◆ **TASK OBJECTIVE**: This task calls for every entry below to be repeated exactly, without the pictures.

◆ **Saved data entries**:
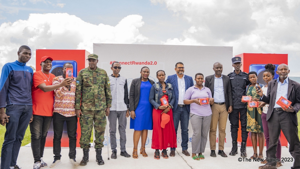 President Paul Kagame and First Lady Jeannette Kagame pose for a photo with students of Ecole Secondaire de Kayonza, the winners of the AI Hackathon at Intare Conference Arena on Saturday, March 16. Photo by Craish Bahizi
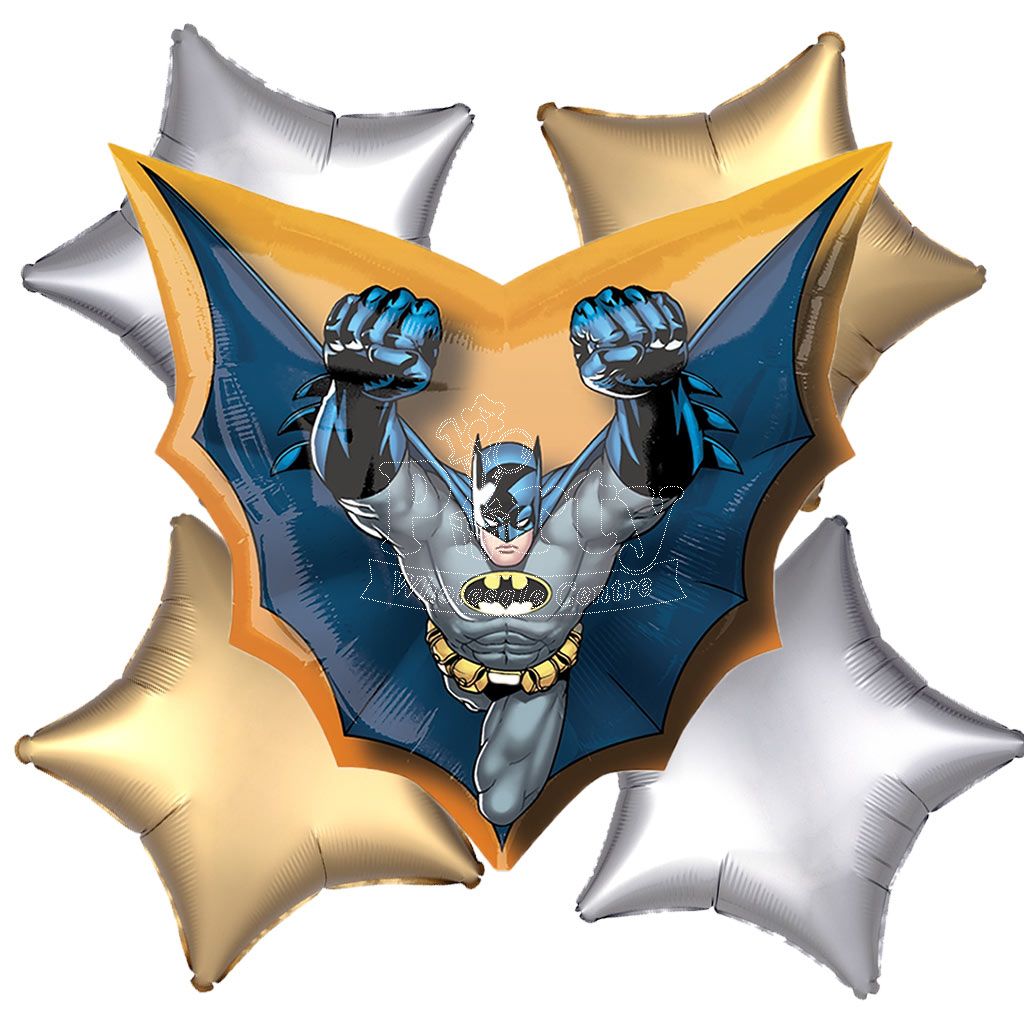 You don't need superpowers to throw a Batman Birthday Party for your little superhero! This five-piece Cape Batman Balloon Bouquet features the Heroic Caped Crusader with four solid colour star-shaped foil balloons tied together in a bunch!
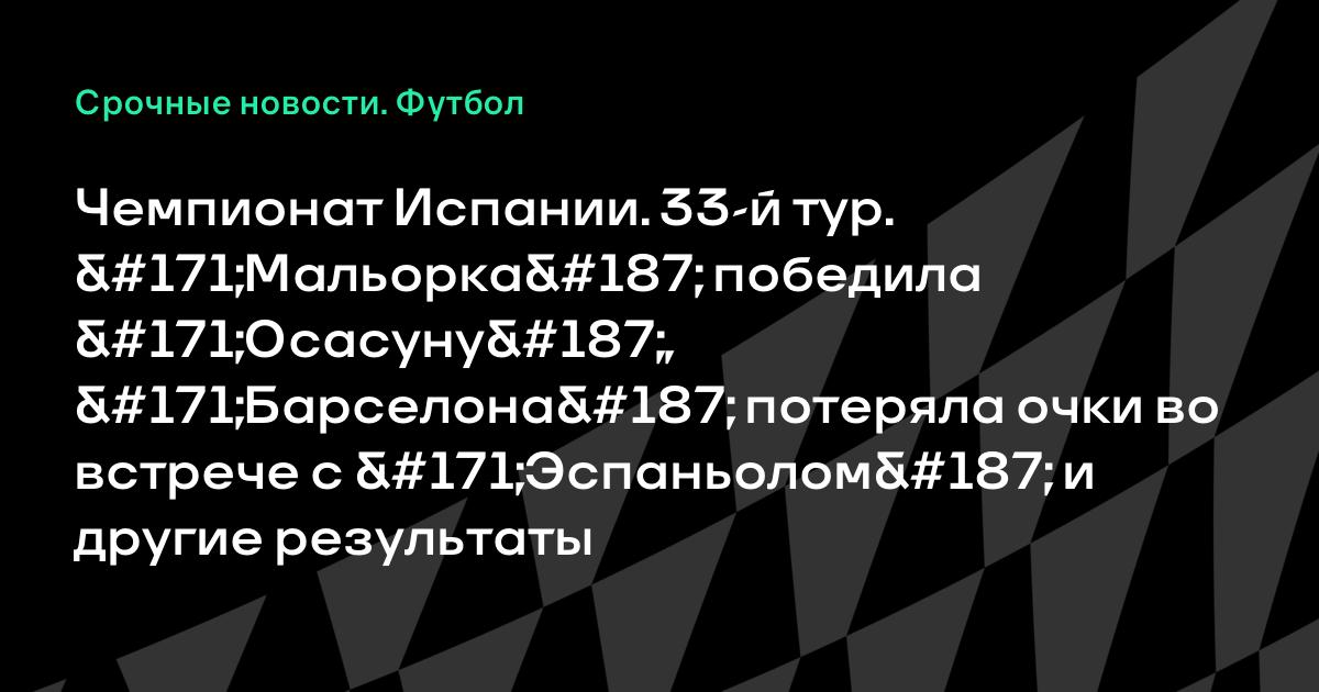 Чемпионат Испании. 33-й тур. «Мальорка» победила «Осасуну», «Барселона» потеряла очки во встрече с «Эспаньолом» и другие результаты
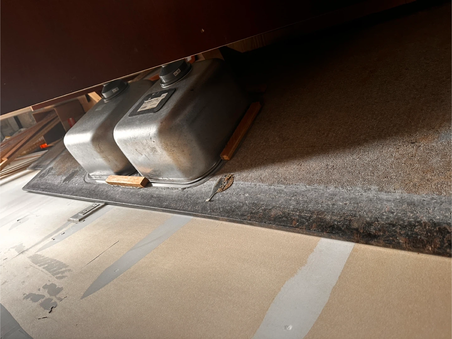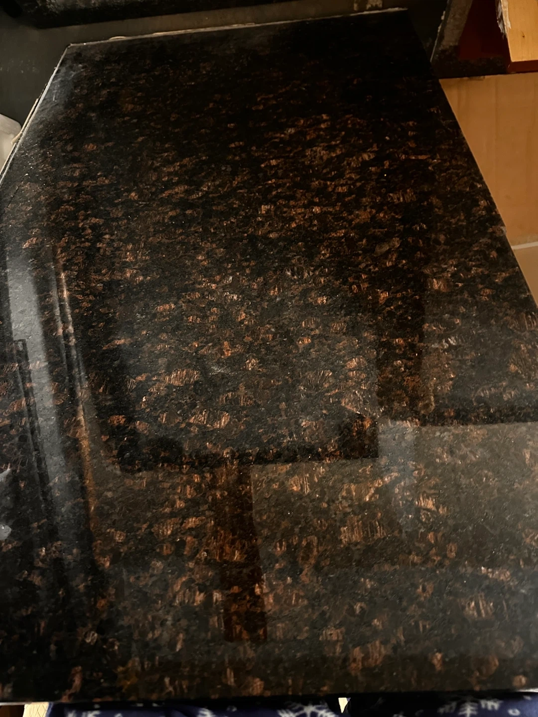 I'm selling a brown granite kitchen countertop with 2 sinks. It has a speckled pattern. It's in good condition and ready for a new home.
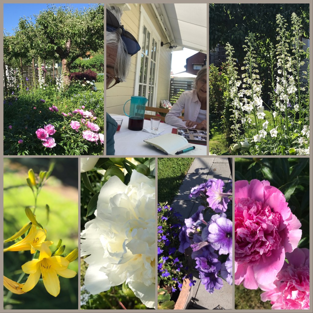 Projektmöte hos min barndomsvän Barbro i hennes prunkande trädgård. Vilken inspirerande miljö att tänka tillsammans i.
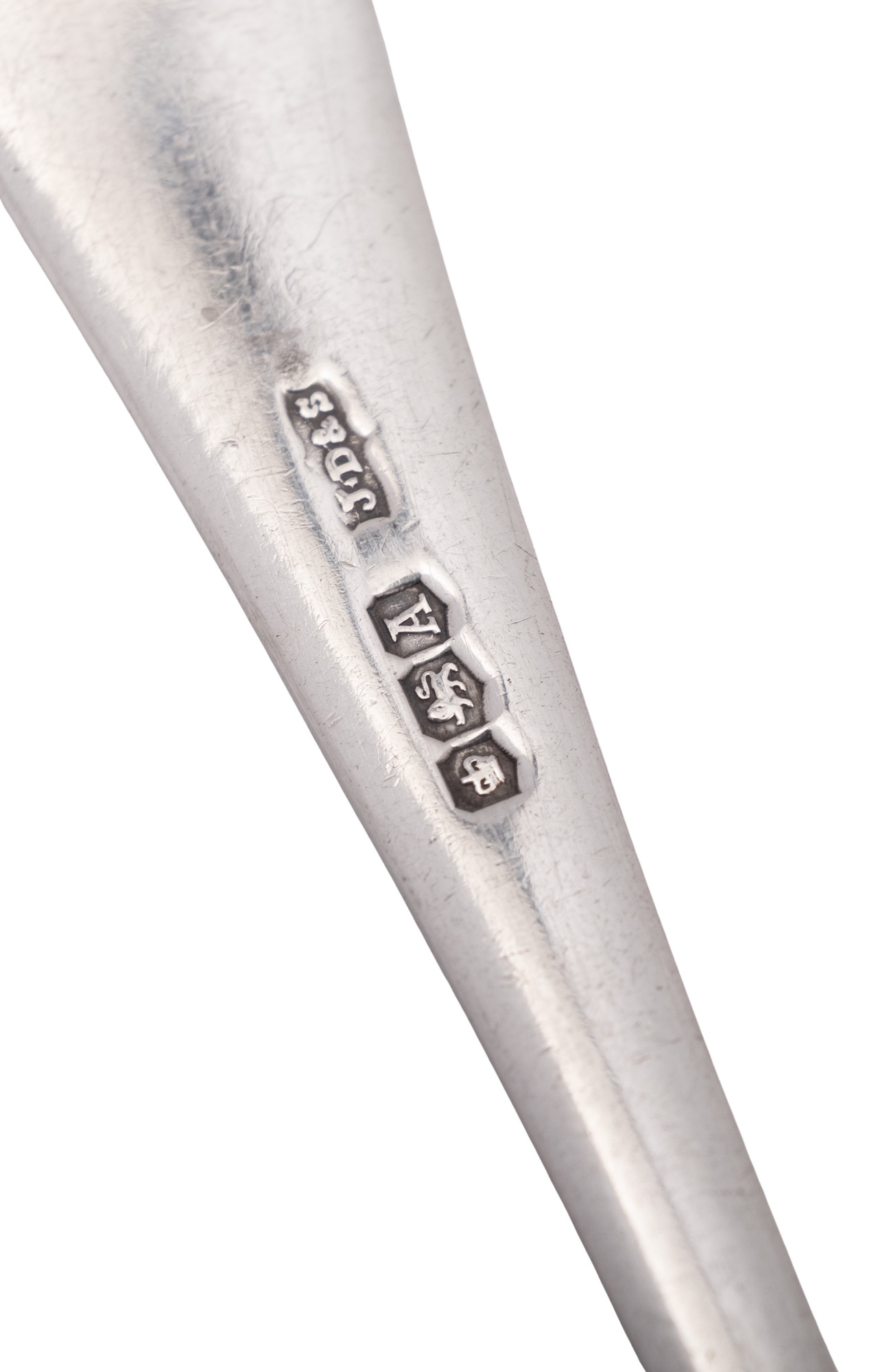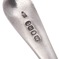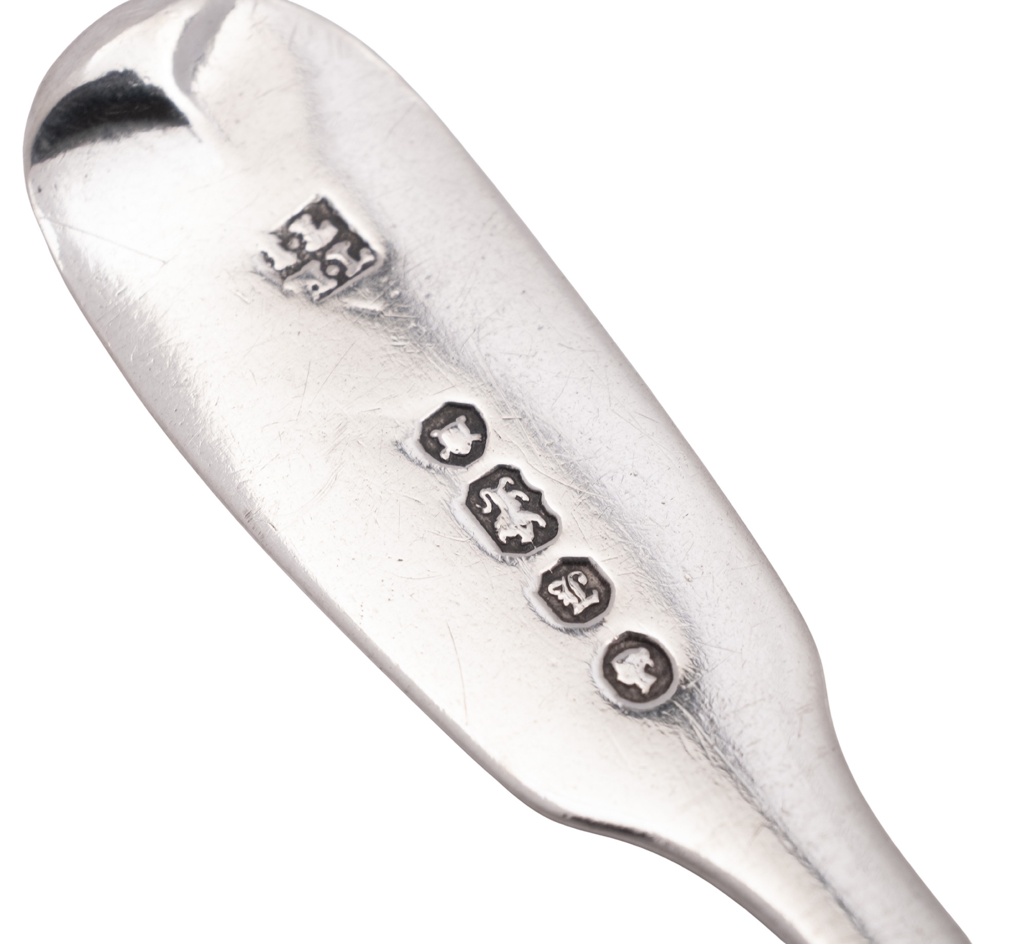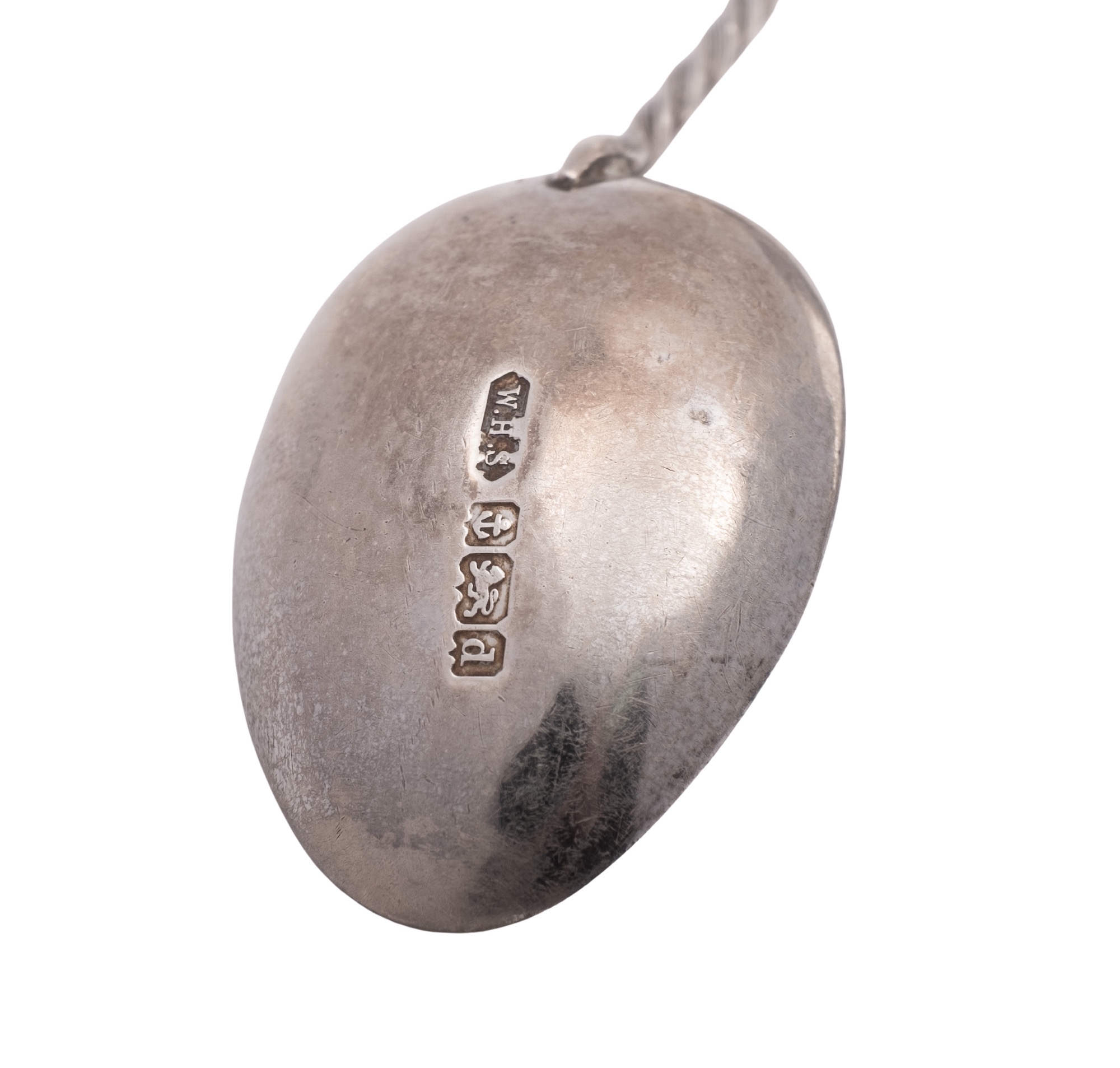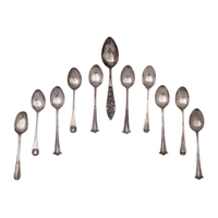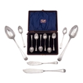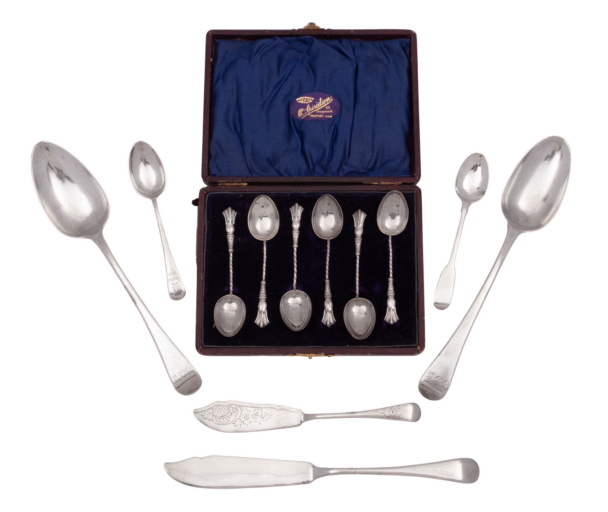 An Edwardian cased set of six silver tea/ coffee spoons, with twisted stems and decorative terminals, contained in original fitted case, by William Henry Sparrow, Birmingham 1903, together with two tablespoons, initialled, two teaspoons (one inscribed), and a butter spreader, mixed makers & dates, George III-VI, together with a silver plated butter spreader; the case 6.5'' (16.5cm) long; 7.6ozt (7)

◆ **TASK ANSWER**:
 President Paul Kagame and First Lady Jeannette Kagame pose for a photo with students of Ecole Secondaire de Kayonza, the winners of the AI Hackathon at Intare Conference Arena on Saturday, March 16. Photo by Craish Bahizi
 You don't need superpowers to throw a Batman Birthday Party for your little superhero! This five-piece Cape Batman Balloon Bouquet features the Heroic Caped Crusader with four solid colour star-shaped foil balloons tied together in a bunch!
 Чемпионат Испании. 33-й тур. «Мальорка» победила «Осасуну», «Барселона» потеряла очки во встрече с «Эспаньолом» и другие результаты
 I'm selling a brown granite kitchen countertop with 2 sinks. It has a speckled pattern. It's in good condition and ready for a new home.
 Projektmöte hos min barndomsvän Barbro i hennes prunkande trädgård. Vilken inspirerande miljö att tänka tillsammans i.
 An Edwardian cased set of six silver tea/ coffee spoons, with twisted stems and decorative terminals, contained in original fitted case, by William Henry Sparrow, Birmingham 1903, together with two tablespoons, initialled, two teaspoons (one inscribed), and a butter spreader, mixed makers & dates, George III-VI, together with a silver plated butter spreader; the case 6.5'' (16.5cm) long; 7.6ozt (7)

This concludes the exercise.